A death headline can flip a company's label to **Likely Dead**, but only if the source is trusted. Untrusted death signals still lower the numeric score through the news component, but they cannot force the label. This keeps clickbait outlets from mislabeling long-tail companies that no Tier-1 outlet has actually covered.

In practice the layering works as: curated notes (ground truth) > scoring aggregate > news (single data source). For the 37 curated companies, news noise is cosmetic. For the 540 long-tail YC + Product Hunt rows where curation isn't feasible, the trust model is what keeps labels defensible.
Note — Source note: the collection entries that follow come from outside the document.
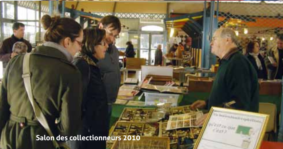
Salon des collectionneurs 2010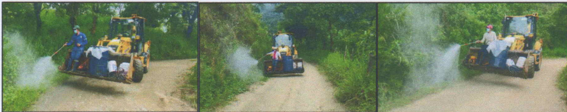
Imagen 02: Participación activa en la ejecución de mingas de limpieza vial en la parroquia.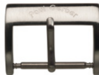
3020 INOX satiniert Photochemisch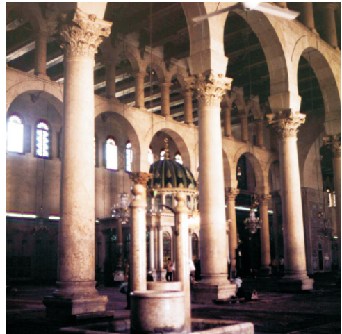
Aziz Yahya'nın başının saklandığı yer (1980)

1516 yılının başlarında, Memlükler ve Pers Safevileri arasındaki ittifak tehlikesinden endişe duyan Osmanlı İmparatorluğu,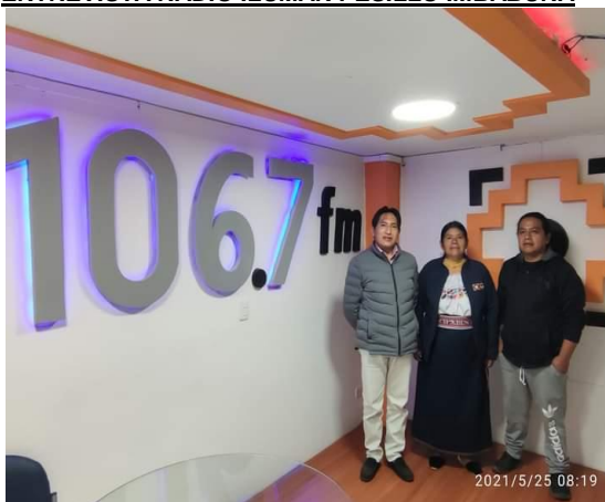
ENTREVISTA RADIO ILUMAN PESILLO IMBABURA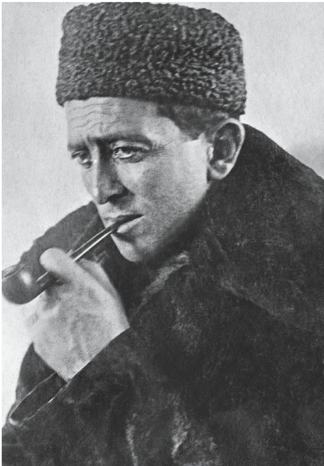
Ефим Иосифович Алешковский. После войны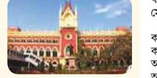
কল্যাণের অভিযোগ, টার্গেট করা হয়েছে ভবানীপুর বিধানসভাকে।

কলকাতা, ২৮ এপ্রিল : দ্বিতীয় দফার ভোটের আগে সমস্যা সৃষ্টিকারীদের নামের তালিকা প্রকাশ তৃণমূলের দায়ের করা মামলায় কোনও নির্দেশ দিল না কলকাতা হাইকোর্ট।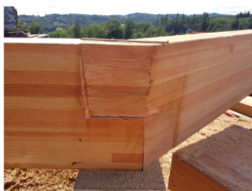
Traçages et coupe à la tronçonneuse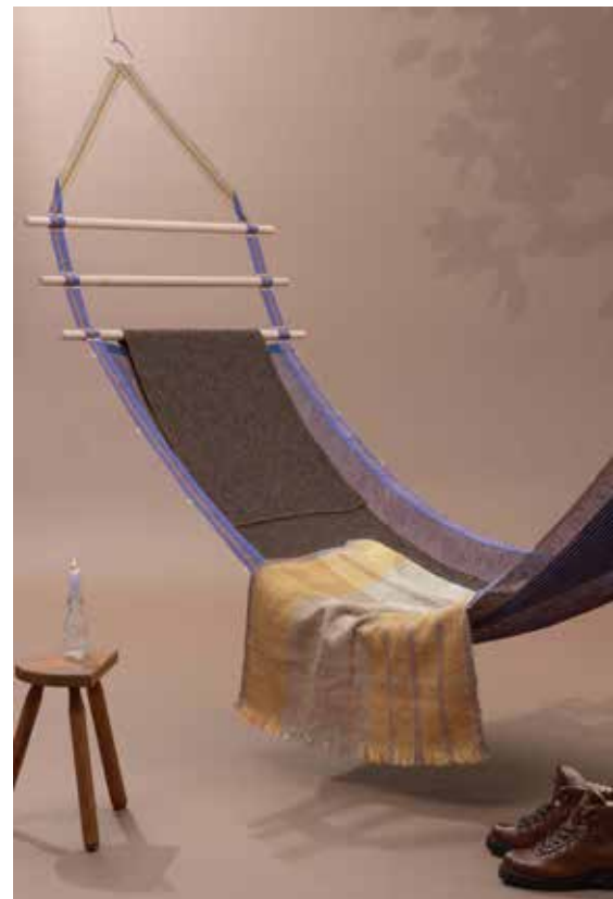
Alizé Saint-André, Itsas Mendi © Alizé Saint-André.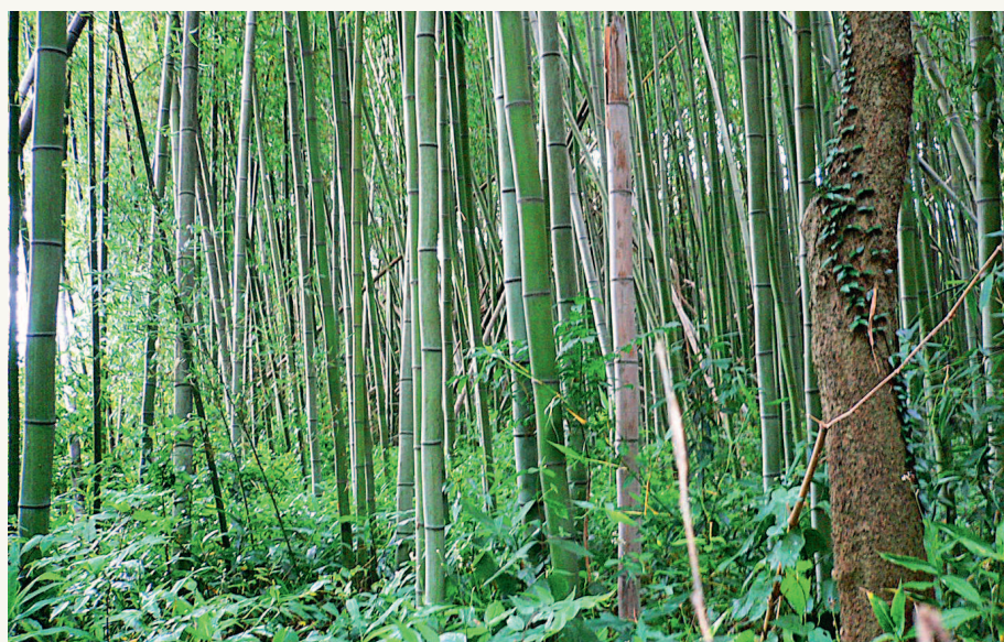
▲ Иногда путь преграждают вот такие сплошные бамбуковые заросли!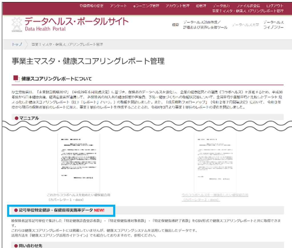
図 10 記号単位特定健診・保健指導実施率データの説明

活用方法を『健康スコアリング活用ガイドライン』でも紹介しておりますので、参照ください。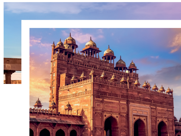
Fatehpur Sikri, Agra, India

palazzi dagli interni sfarzosi, gode di una magnifica vista sulla città. Visita al cenotafio di Jaswant Thada. Proseguimento per Jaipur, vivace "città rosa" capitale del Rajasthan. Visita al colorato bazar.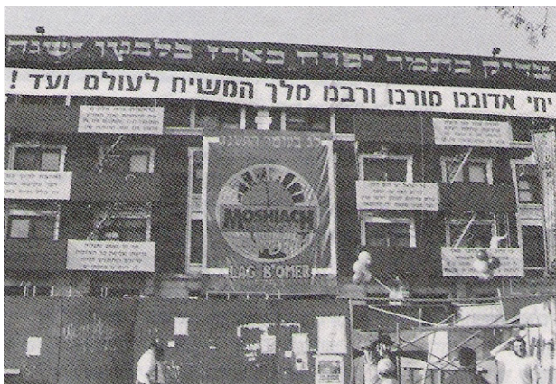
שלט 'יחי' על בניין המשרדים ליד 770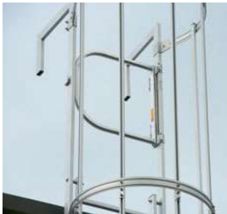
Sicherungstüre 5) Nach DIN EN ISO 14122. Automatisch schließend, Material Alu blank, Scharniere aus Edelstahl Artikelnr. 9663501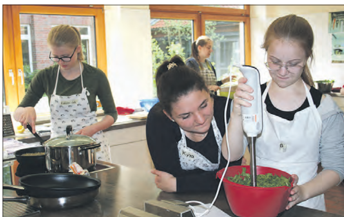
Die Schülerinnen und Schüler der KGS stellten fest, „daß klimafreundliche Ernährung auch schmeckt“.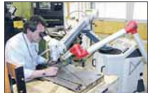
Mit dem mobilen Laserschweißen kommen die Experten von SR-Erodier-technik direkt zum Kunden.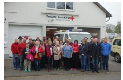
Vor der Abfahrt nach Hamburg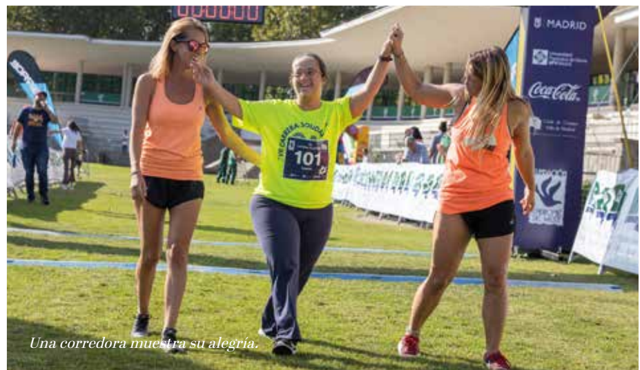
Una corredora muestra su alegría.

## News classification rubric

`_news_score` maps the news fields (from `tracker_news.py`) into `[0, 1]`:

- **Trusted death signal in last 180 days** → 0.0
- **Trusted health signal** (funding round, IPO, product launch) in last 180 days → 1.0
- **No news in last 180 days** → 0.2 (weak negative — silent press isn't death, but isn't health either)
- **Recent coverage, neutral sentiment** → scaled 0.25 → 0.7 by how recent

No news fields at all → the component returns `None` and is dropped from the weighted average, keeping coverage honest.

## What we do *not* claim

- **This is triage, not verdict.** A low score means "check on this company," not "this company is dead." Every interesting finding should be human-verified.
- **Absence of signal ≠ death.** Midjourney scores well here because its site is up and Wayback is watching it, even though it publishes no blog, no careers page, and no public GitHub activity. Low-on-all-signals companies might just be private by design.
- **Snapshots, not trends.** A single run is a moment. The interesting artifact is the 6-month delta — companies whose score drops 30+ points between monthly runs are the ones worth a phone call.
- **180-day news window.** Historical defining events (for example Microsoft's March 2024 Inflection acquihire) fall outside the window and are not caught by the news pass. Those should be captured in curated notes, which override everything.

## Limitations

- **Seeding relies on YC's self-tagging.** The YC adapter filters by the "Artificial Intelligence" tag, so AI-adjacent companies that don't carry that tag in YC's directory are excluded — even when they plausibly use ML under the hood. HockeyStack (Summer 2023) is a concrete example: tagged SaaS / B2B / Analytics / Sales / Marketing but not AI, despite a product that clearly depends on account-scoring and predictive segmentation. This biases the automated seed toward companies that chose to *position* as AI, which is a different population than "companies using AI." The curated `data/startups.csv` layer is the escape hatch for names the YC filter misses — false negatives can be added manually and will survive future seed refreshes because curated rows are the merger's highest-priority source.
- Twitter/X activity is omitted because the public, unauthenticated API was effectively shut down in 2023.
- LinkedIn job counts would be the gold standard for hiring pulse; careers-page scraping is a proxy because LinkedIn blocks scrapers.
- App Store / Play Store review velocity is planned, not yet implemented.
- Crunchbase funding freshness would be valuable but is gated behind a paid API.
- Google News RSS surfaces headlines that *mention* the query string; even after the title-on-topic filter, some name collisions slip through (e.g. a textile-materials "Adept" versus Adept AI). Low-volume, ambiguous signals are why news is capped at 15% rather than weighted higher.
- The curated notes list is only as good as the human maintaining it. Refresh monthly alongside the scraper runs.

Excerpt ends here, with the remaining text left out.